[Stored data entries]
'''

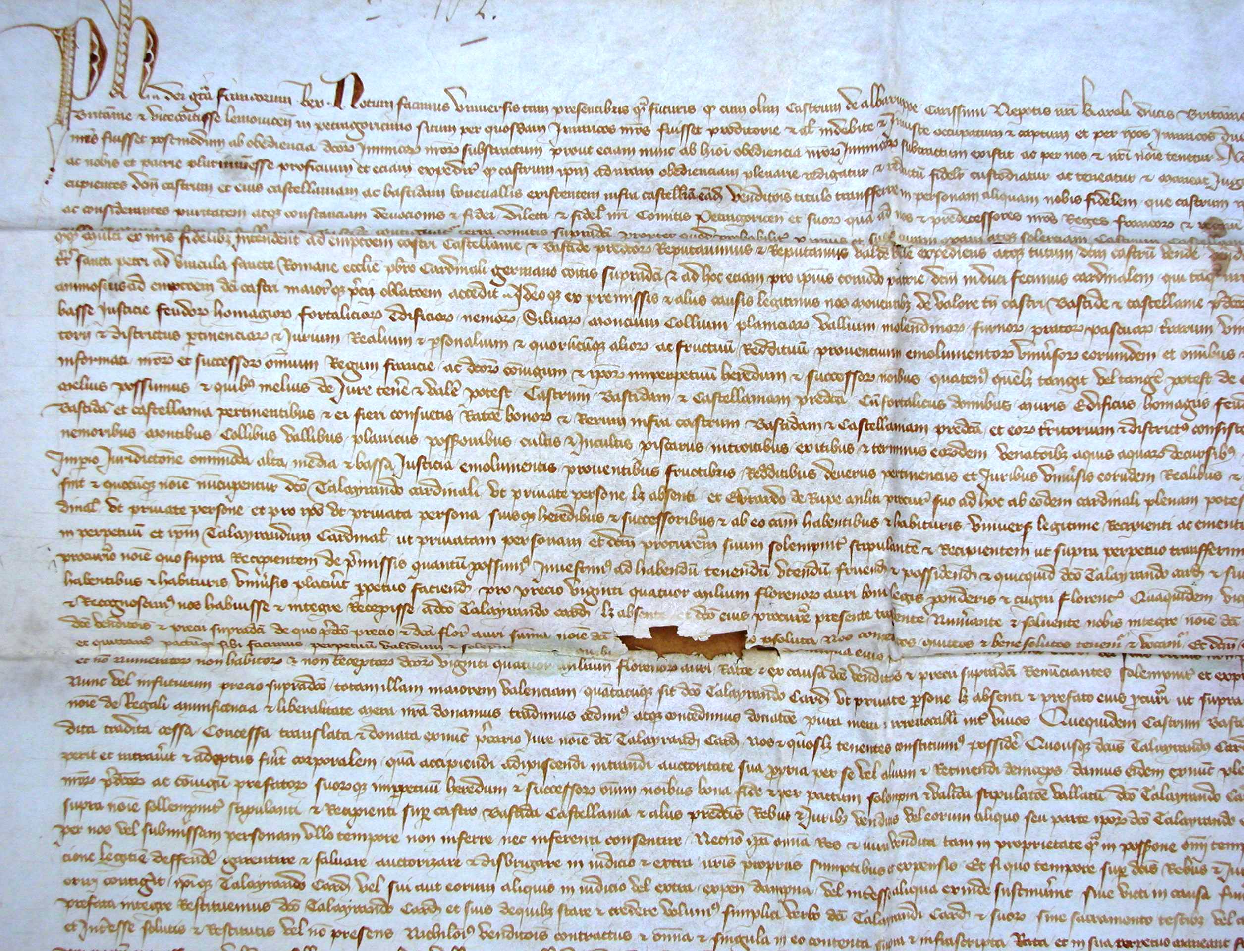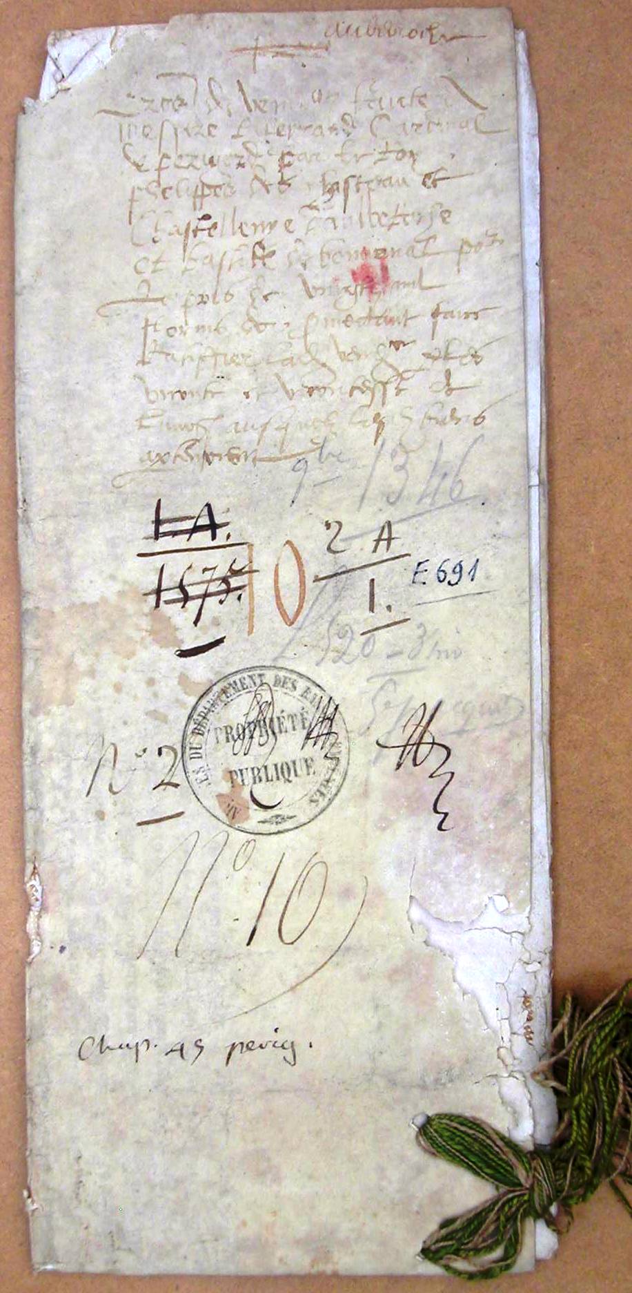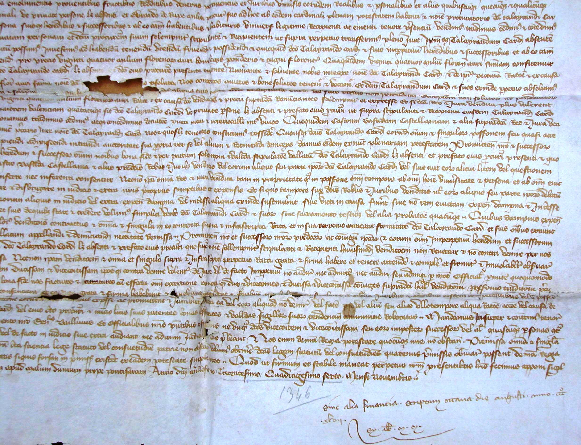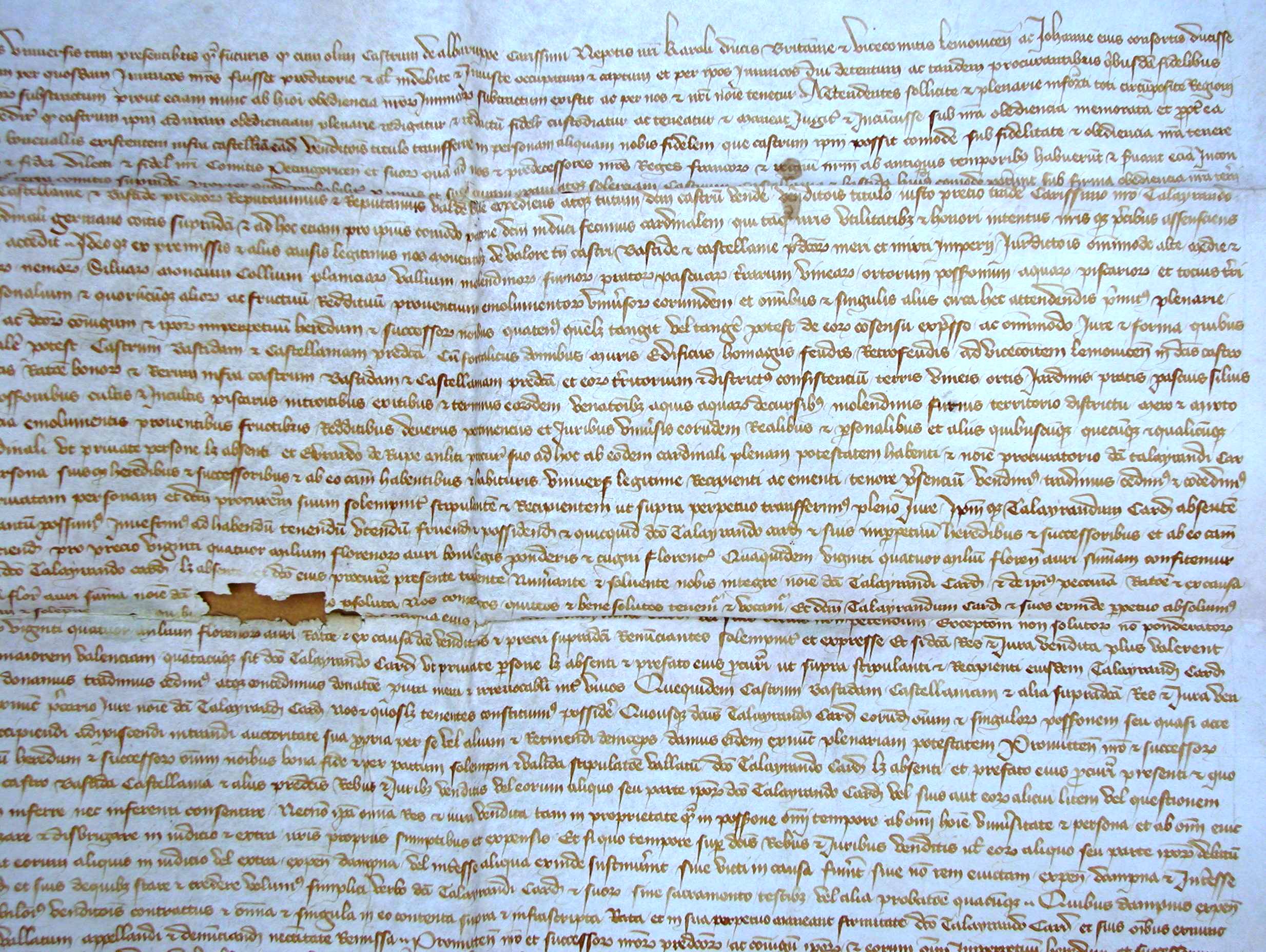 Vente du château d'Auberoche et de la bastide de Bonneval, pour le prix de 24000 florins d'or, promettant de faire ratifier cette vente à Charles duc de Bretagne vicomte de Limoges et à Jeanne sa femme, auxquels la châtellenie d'Auberoche appartenait. (1346)
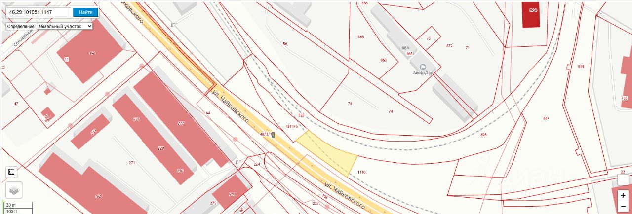 Земельный участок с кадастровым номером 46:29:101054:1147, площадью 1129 кв.., расположенный по адресу: г. Курск, ул. Чайковского, для целей, связанных со строительством, с видом разрешенного использования "производственная деятельность"
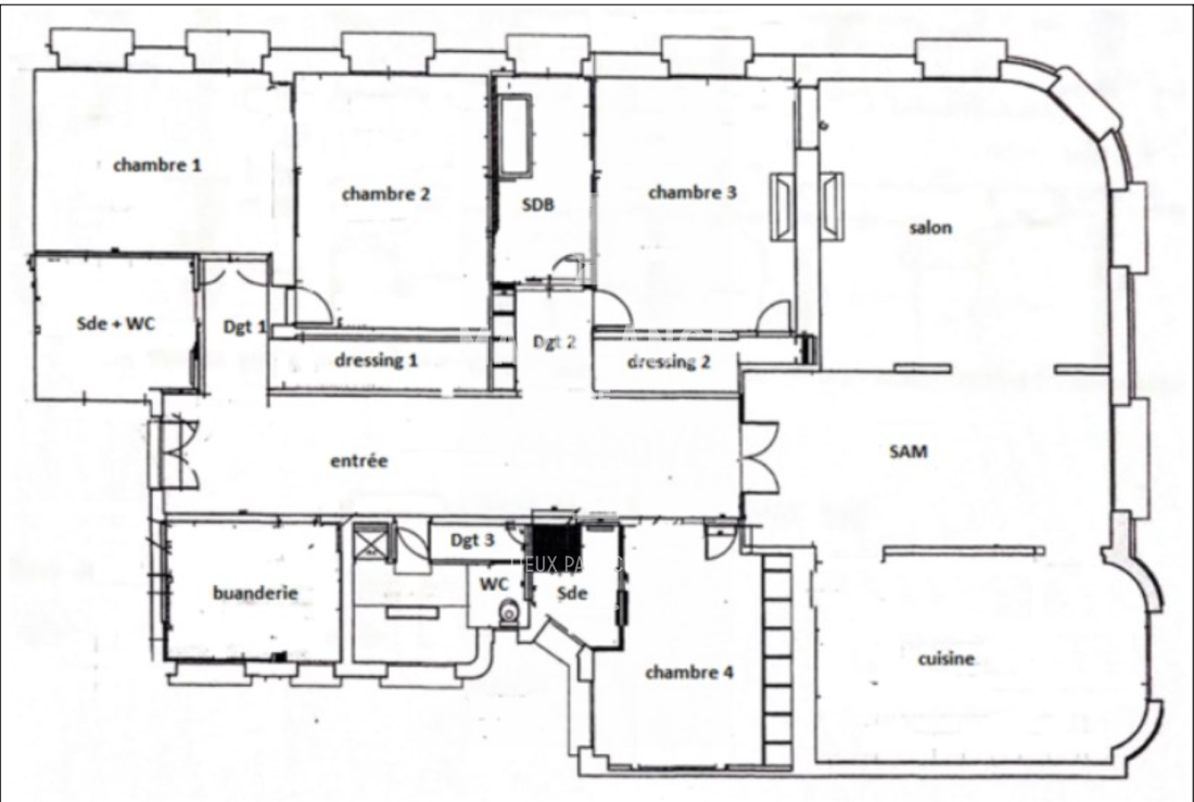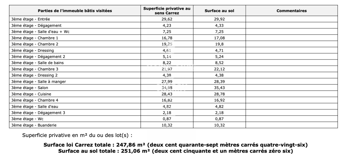 Au calme dans une voie privée, cet appartement de 251m2 au sol (248m2 Loi Carrez) en parfait état est composé de :
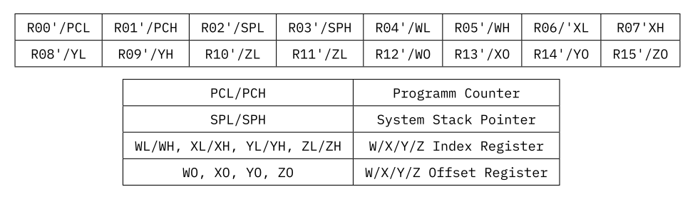 Now the Special Purpose Registers are a set of different registers that are used for special purposes by the CPU. They are located in the second Register Bank, covering R00' to R15'. They can be switched out for R00 to R15, as to make work with them slightly easier.
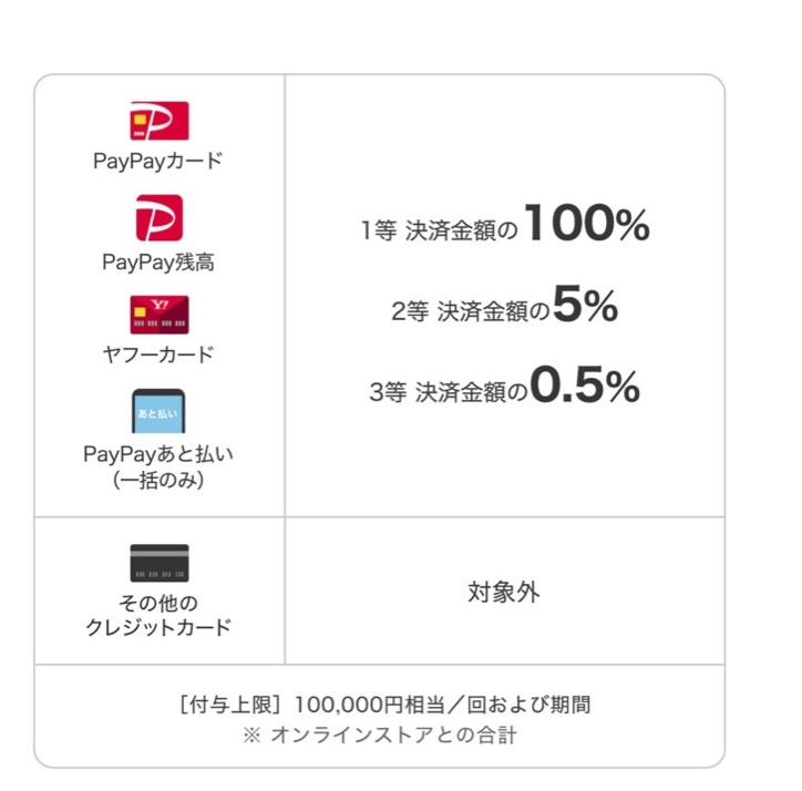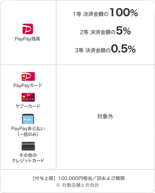 1等当選者には最大で決済金額の全額(100%)、2等当選者には最大で決済金額の5%、3等当選者には最大で決済金額の0.5%のPayPayボーナスを付与します。なお、付与上限は100,000円相当/回、100,000円相当/期間。一方、超PayPay祭 対象加盟店で超おトクキャンペーンの対象加盟店やキャンペーン内容の詳細については後日公表予定のお知らせにてご確認ください。

'''

» **Your goal**
Exactly as they appear, repeat the lines from the one containing "Земельный участок с" through the last line of the entries, counting both ends. Pictures stay out.

» **Problem solution**
 Земельный участок с кадастровым номером 46:29:101054:1147, площадью 1129 кв.., расположенный по адресу: г. Курск, ул. Чайковского, для целей, связанных со строительством, с видом разрешенного использования "производственная деятельность"
 Au calme dans une voie privée, cet appartement de 251m2 au sol (248m2 Loi Carrez) en parfait état est composé de :
 Now the Special Purpose Registers are a set of different registers that are used for special purposes by the CPU. They are located in the second Register Bank, covering R00' to R15'. They can be switched out for R00 to R15, as to make work with them slightly easier.
 1等当選者には最大で決済金額の全額(100%)、2等当選者には最大で決済金額の5%、3等当選者には最大で決済金額の0.5%のPayPayボーナスを付与します。なお、付与上限は100,000円相当/回、100,000円相当/期間。一方、超PayPay祭 対象加盟店で超おトクキャンペーンの対象加盟店やキャンペーン内容の詳細については後日公表予定のお知らせにてご確認ください。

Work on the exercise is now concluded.